Github user fmthoma commented on a diff in the pull request:
https://github.com/apache/flink/pull/6021#discussion_r190154347
--- Diff:
flink-connectors/flink-connector-kinesis/src/main/java/org/apache/flink/streaming/connectors/kinesis/FlinkKinesisProducer.java
---
@@ -326,6 +342,24 @@ private void checkAndPropagateAsyncError() throws
Exception {
}
}
+ /**
+ * If the internal queue of the {@link KinesisProducer} gets too long,
+ * flush some of the records until we are below the limit again.
+ * We don't want to flush _all_ records at this point since that would
+ * break record aggregation.
+ */
+ private void checkQueueLimit() {
+ while (producer.getOutstandingRecordsCount() >= queueLimit) {
+ producer.flush();
--- End diff --
@tzulitai @bowenli86 I've given this some more thought. `wait()`/`notify()`
requires a `synchronized` block.

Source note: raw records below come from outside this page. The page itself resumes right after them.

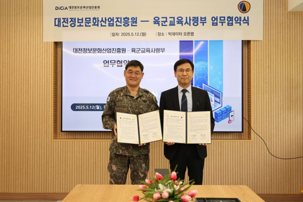대전정보문화산업진흥원은 지난 12일 오후 충남대 빅데이터 오픈랩에서 육군교육사령부와 'AI 및 데이터 교육 및 정보공유 강화를 위한 업무협약(MOU)'을 체결했다고 밝혔다.
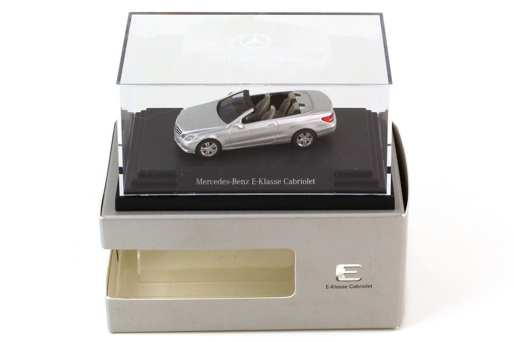 Busch-Modellauto in Minivitrine, M 1:87, Mercedes-Benz E-Klasse Cabrio (A207) iridiumsilber-met. (Mercedes-Werbemodell)
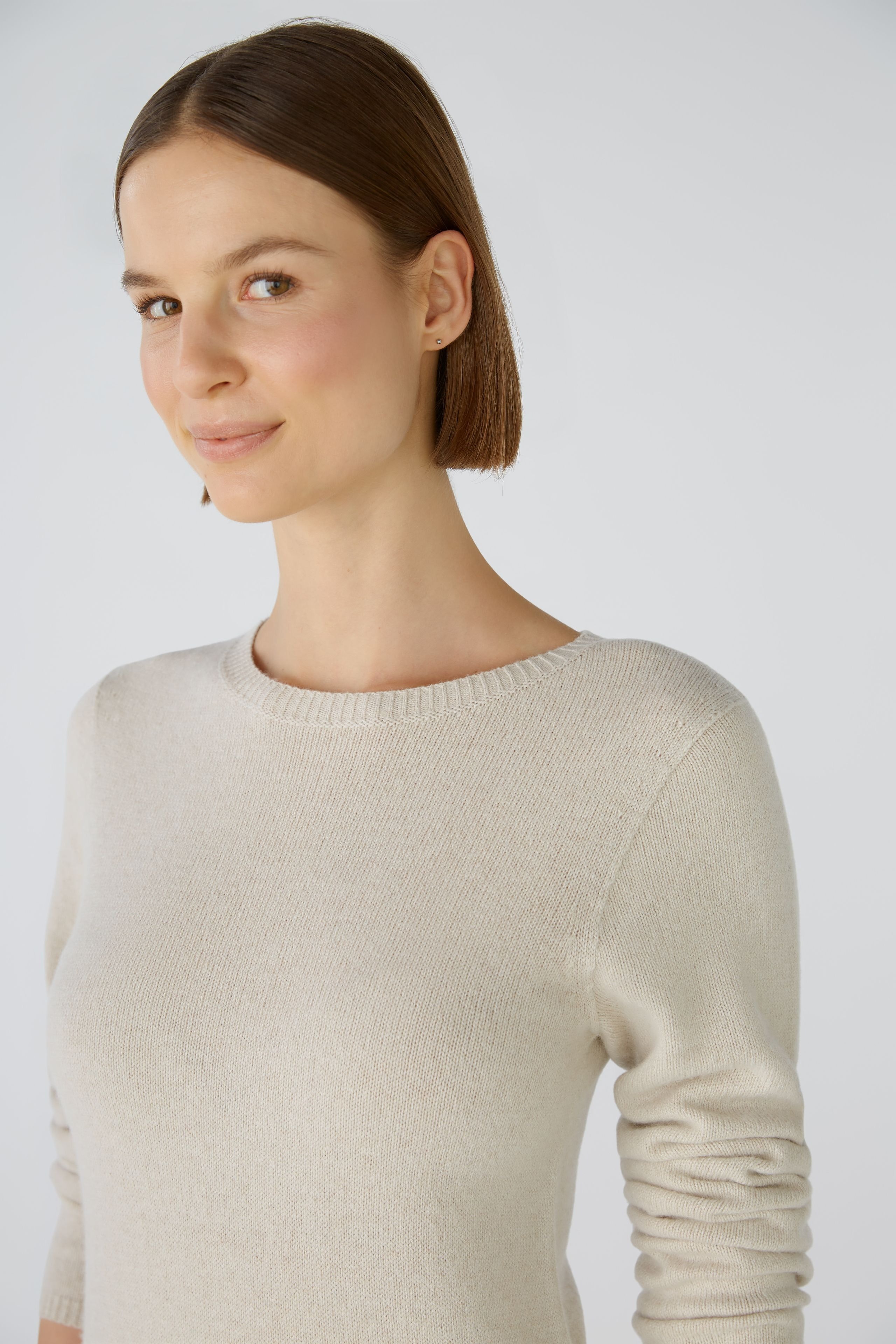 Трикотажное платье бесшовной вязки. Приталенный топ, слегка расклешенная юбка, длина до колена. Круглый вырез. Удлиненный рукав. Узкие ребристые манжеты на воротнике, рукавах и подоле. Длина для размера 42 - 106 см.
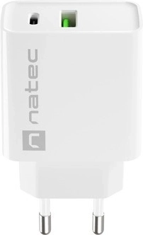 Ładowarka sieciowa NATEC Ribera 20W, 1× USB‑C + 1× USB‑A, biała
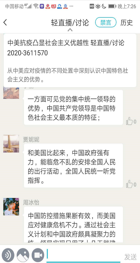 挖掘课程思政元素,充分发挥第一课堂“主渠道”作用。我院教师在备课过程中深入挖掘课程中蕴含的思政元素,同时高度关注当前疫情形势的发展及抗击疫情中体现出的制度优势、涌现出的先进事迹,巧妙融入专业课教学,组织学生进行研讨。我院唐萍教授在《毛泽东思想和中国特色社会主义概论体系》教学中和同学们探讨“中美两国的疫情形势”并积极组织云班课讨论,同学们从中美两国应对疫情的不同处置中,深刻体会到中国特色社会主义制度的优越性。

So if we just notify some lock in the
callback, this would lead to synchronization overhead. We'd have to recognize a
transition from »queue size > queue limit« to »queue size <= queue limit«
and only synchronize then, which adds a lot of complexity.

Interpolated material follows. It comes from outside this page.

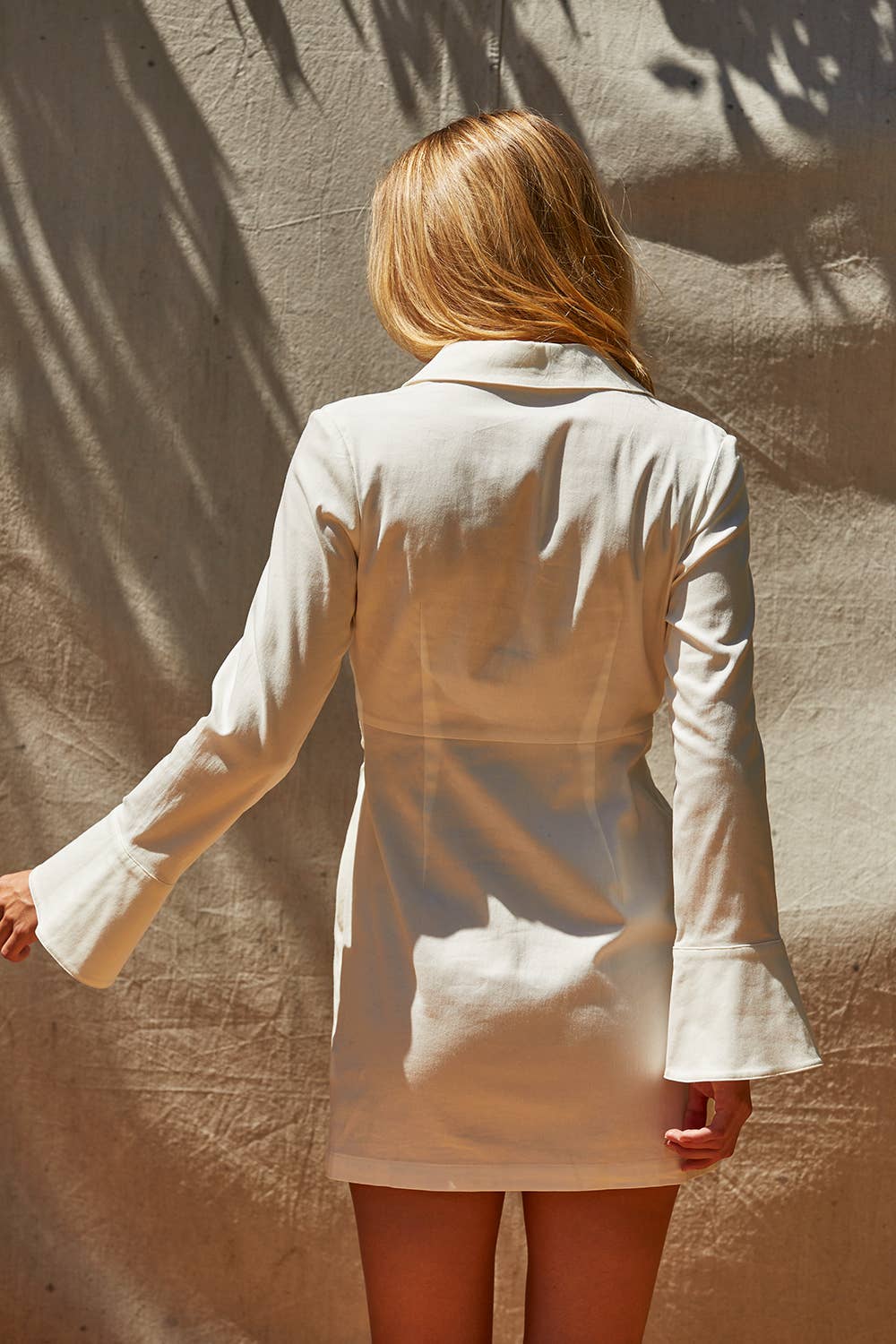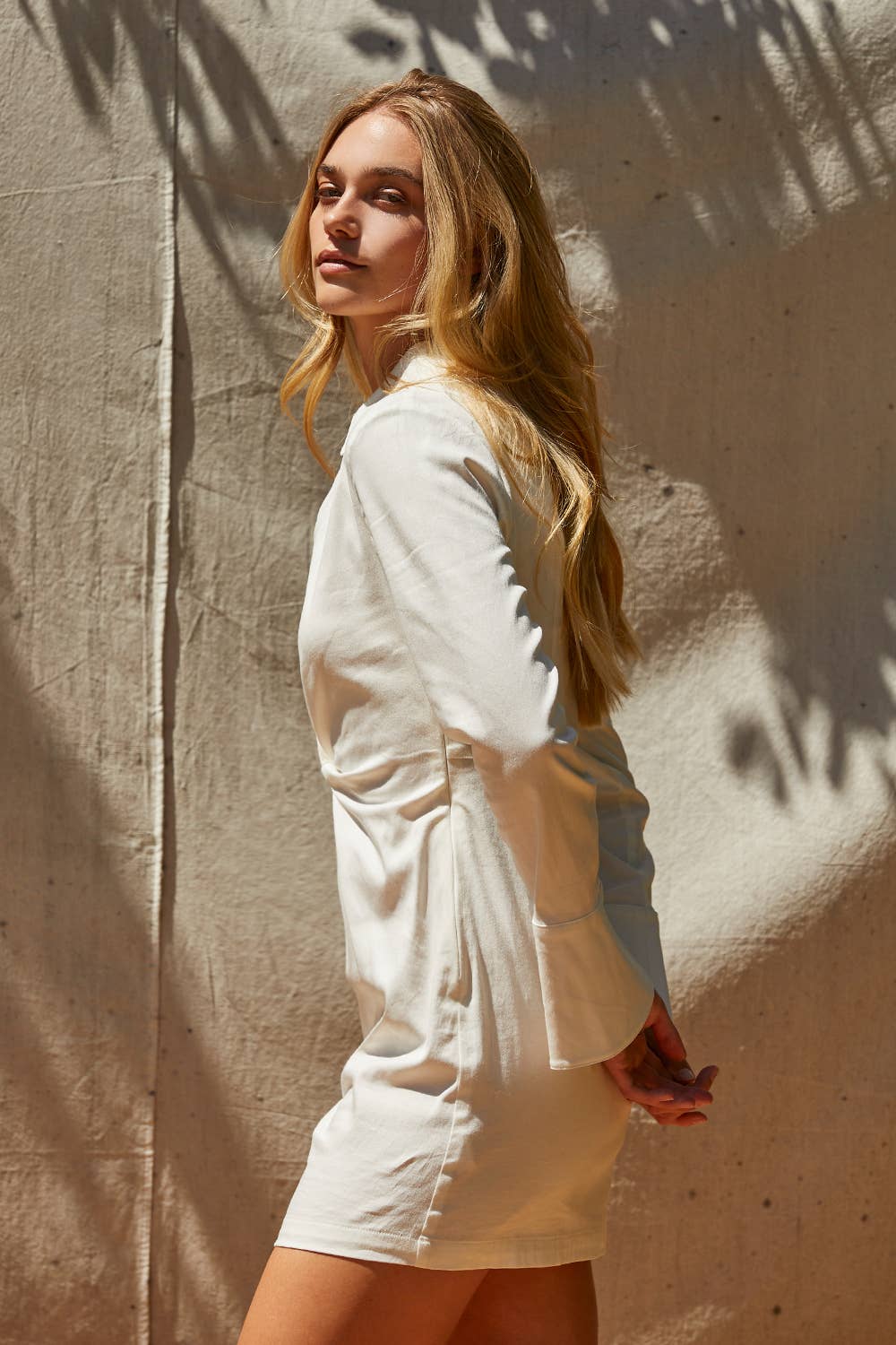 Looking for the perfect summer dress? Look no further than the Kerry Front Twist Mini Dress! This white dress features a twist design that adds a stylish touch to your outfit. Stay cool and comfortable while looking effortlessly chic in this must-have dress.

On the other hand: Kinesis accepts up to 1MB per second per shard. The
queue limit should be chosen so that some data can be accumulated still before
sending, i.e. more than a second of data (more than 1MB per shard). If the
queue limit is chosen adequately, then the `Thread.sleep(500)` does not harm,
as the queued records take more than one second to flush anyway. If the queue
limit is chosen too low, then sleeping half a second may be too long, but we
would not reach maximum throughput anyway because of the limitation on the
number of `Put` requests.
I think it's not worth the additional complexity.
---